(Exercise input)

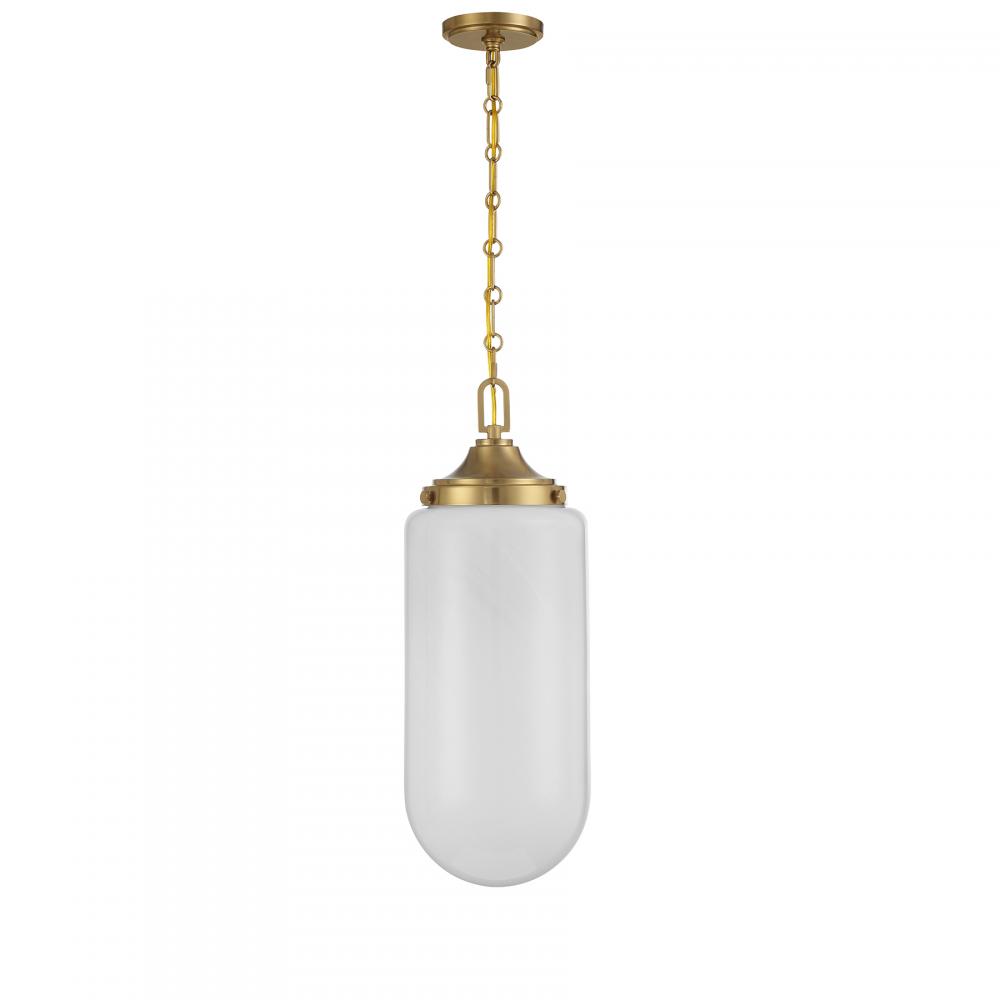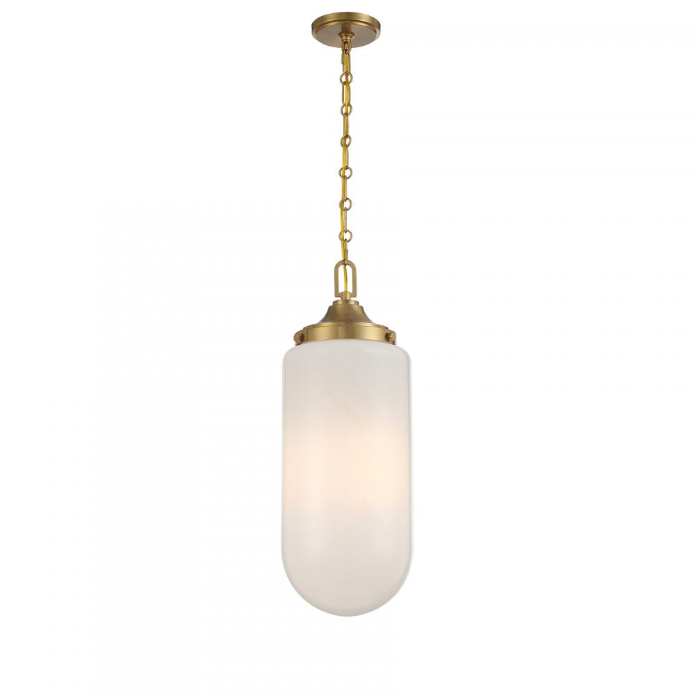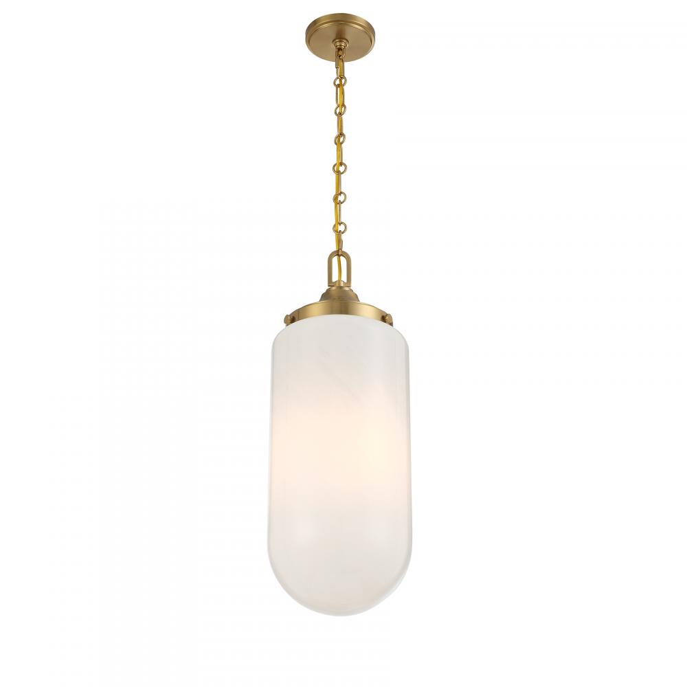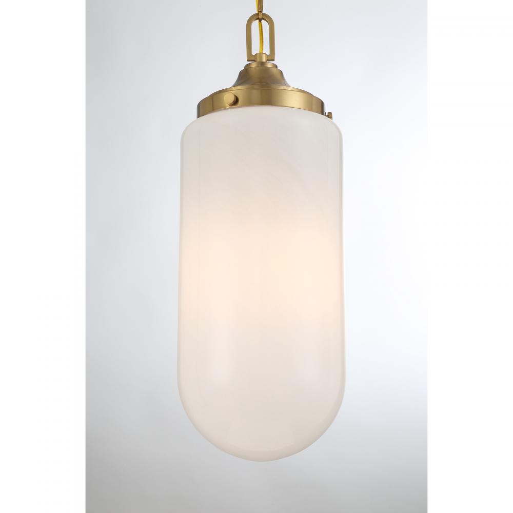 Decorate your space with the Savoy House Bryant 3-light pendant. Its understated structure allows the shade of beautiful, eye-catching strie glass to take center stage. This look is great when used solo or in groupings. Warm Brass finish. 24.75" in height and 9" in width. Uses three standard size bulbs of up to 60 watts per bulb. Bulbs not included.
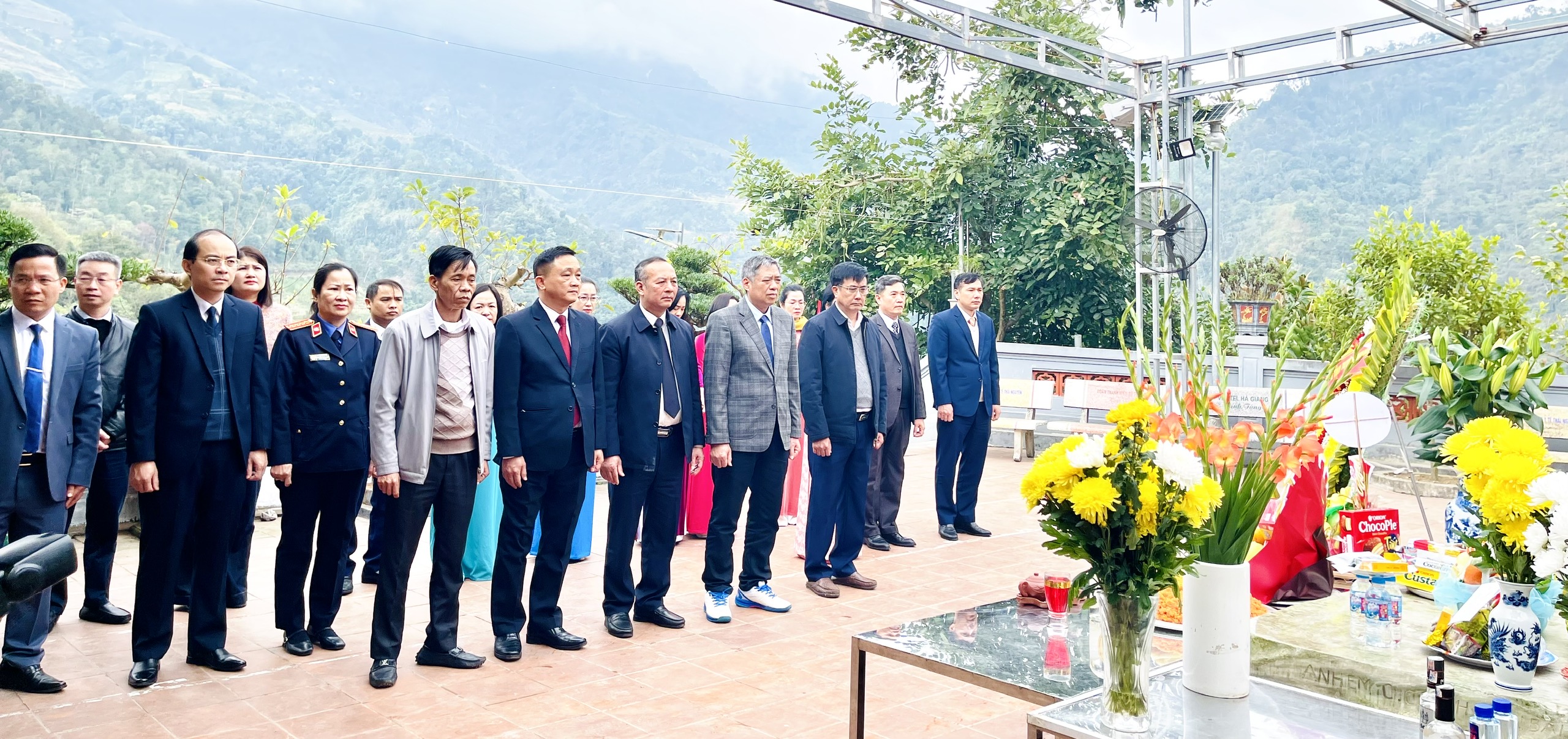 Hình ảnh Đoàn đại biểu dâng hoa, dâng hương tại Đền thờ các Anh hùng Liệt sĩ mặt trận Vị Xuyên trên điểm cao 468:
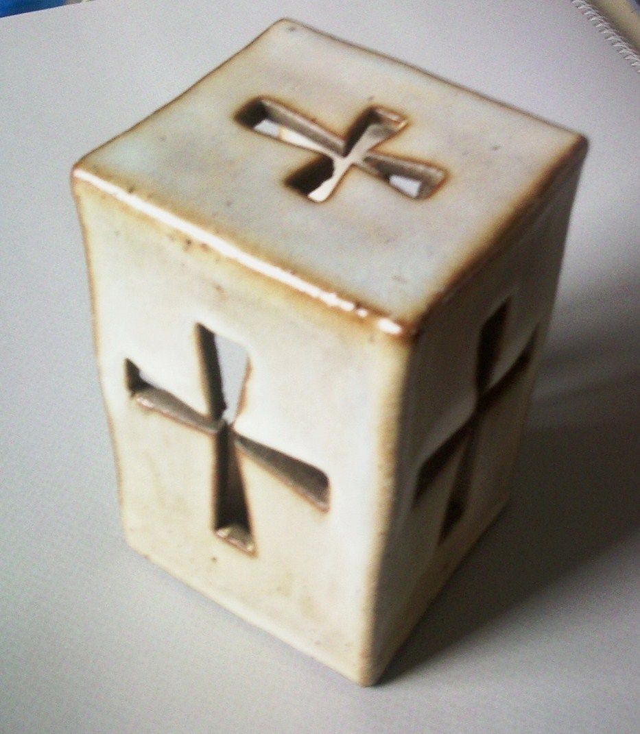 クロスの切り抜きが横三方と天にあり、裏側からティーキャンドルを入れられるようになっています。
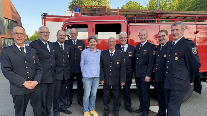 Timo Dirkorte (Löschzugführer Löschzug Harsewinkel), Alfons Hennemann (Löschzugführer Löschzug Greffen), Julian Austermann (angehender stellvertretender Leiter der Freiwilligen Feuerwehr Harsewinkel), Udo Huchtmann (stellvertretende Kreisbrandmeister), Sabine Amsbeck-Dopheide (Bürgermeisterin), Dietmar Fölling, Uwe Theismann (stellvertretender Kreisbrandmeister), Christoph Wienströer (Leiter Feuerwehr Harsewinkel), Andre Hackfort (Jugendwart Jugendfeuerwehr Harsewinkel) und Günter Austermann ( Löschzugführer Löschzug Marienfeld und angehender stellvertretender Leiter der Freiwilligen Feuerwehr Harsewinkel) (Foto: Gabriele Grund).
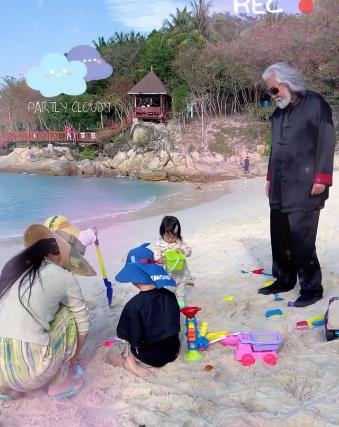 张纪中之前就曾在个人社交平台晒出一家五口去三亚旅游的视频。视频中,杜星霖和几个孩子蹲在沙滩上体验玩沙带来的乐趣,旁边摆满了小朋友们“施工”的器材,张纪中戴着墨镜站在一旁弯腰看着他们,周身满是温馨甜蜜的氛围。
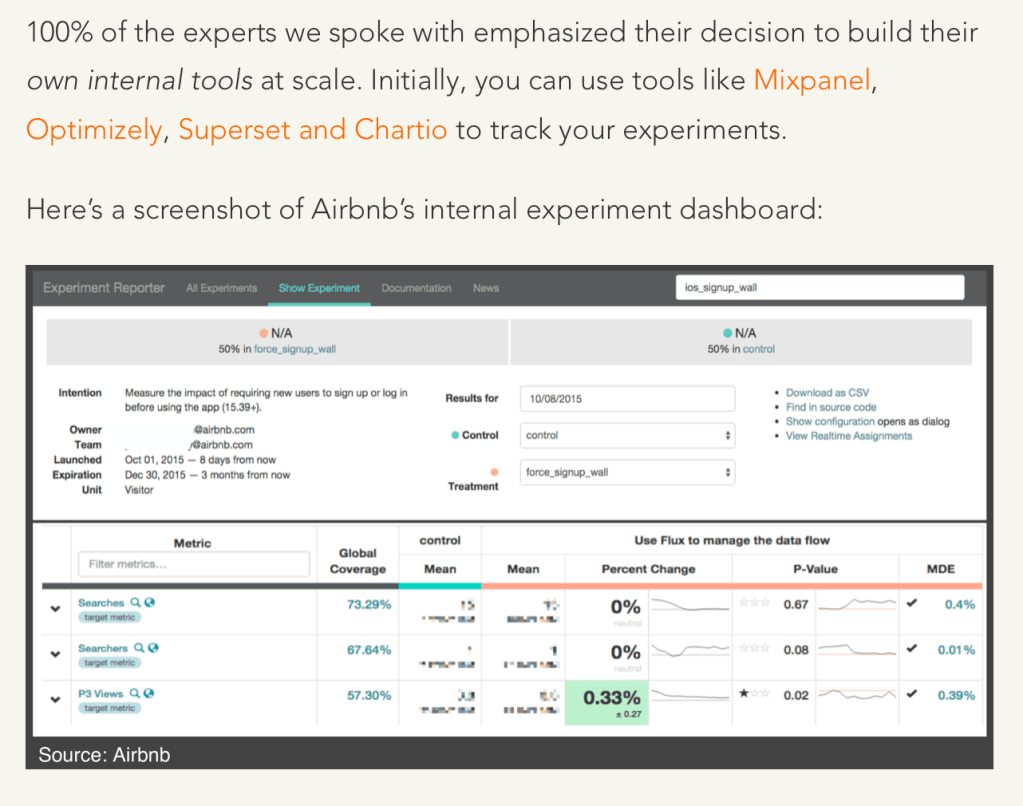 What I’m not sure about is how much of this is feasible / manageable at a B2B SaaS company where the user base is typically much smaller than the consumer properties where Growth teams are most prevalent (i.e. Facebook, AirBNB, Uber, etc). The number of MAUs that would be at a B2B SaaS company would typically be orders of magnitudes smaller then a consumer facing property (with some exceptions such as Slack). On the one hand, it will be much easier to actually run and keep track of experiments since the volume of data will be more manageable. That said, the feedback loop is going to be longer and the statistical significance of specific experiments is going to much less due to lower volumes.

(End Exercise input)

What is needed: Copy out nothing but the lines from the beginning of the records through the one that contains "张纪中之前就曾在个人社交平台". Skip the pictures.

Result for this task:
 Decorate your space with the Savoy House Bryant 3-light pendant. Its understated structure allows the shade of beautiful, eye-catching strie glass to take center stage. This look is great when used solo or in groupings. Warm Brass finish. 24.75" in height and 9" in width. Uses three standard size bulbs of up to 60 watts per bulb. Bulbs not included.
 Hình ảnh Đoàn đại biểu dâng hoa, dâng hương tại Đền thờ các Anh hùng Liệt sĩ mặt trận Vị Xuyên trên điểm cao 468:
 クロスの切り抜きが横三方と天にあり、裏側からティーキャンドルを入れられるようになっています。
 Timo Dirkorte (Löschzugführer Löschzug Harsewinkel), Alfons Hennemann (Löschzugführer Löschzug Greffen), Julian Austermann (angehender stellvertretender Leiter der Freiwilligen Feuerwehr Harsewinkel), Udo Huchtmann (stellvertretende Kreisbrandmeister), Sabine Amsbeck-Dopheide (Bürgermeisterin), Dietmar Fölling, Uwe Theismann (stellvertretender Kreisbrandmeister), Christoph Wienströer (Leiter Feuerwehr Harsewinkel), Andre Hackfort (Jugendwart Jugendfeuerwehr Harsewinkel) und Günter Austermann ( Löschzugführer Löschzug Marienfeld und angehender stellvertretender Leiter der Freiwilligen Feuerwehr Harsewinkel) (Foto: Gabriele Grund).
 张纪中之前就曾在个人社交平台晒出一家五口去三亚旅游的视频。视频中,杜星霖和几个孩子蹲在沙滩上体验玩沙带来的乐趣,旁边摆满了小朋友们“施工”的器材,张纪中戴着墨镜站在一旁弯腰看着他们,周身满是温馨甜蜜的氛围。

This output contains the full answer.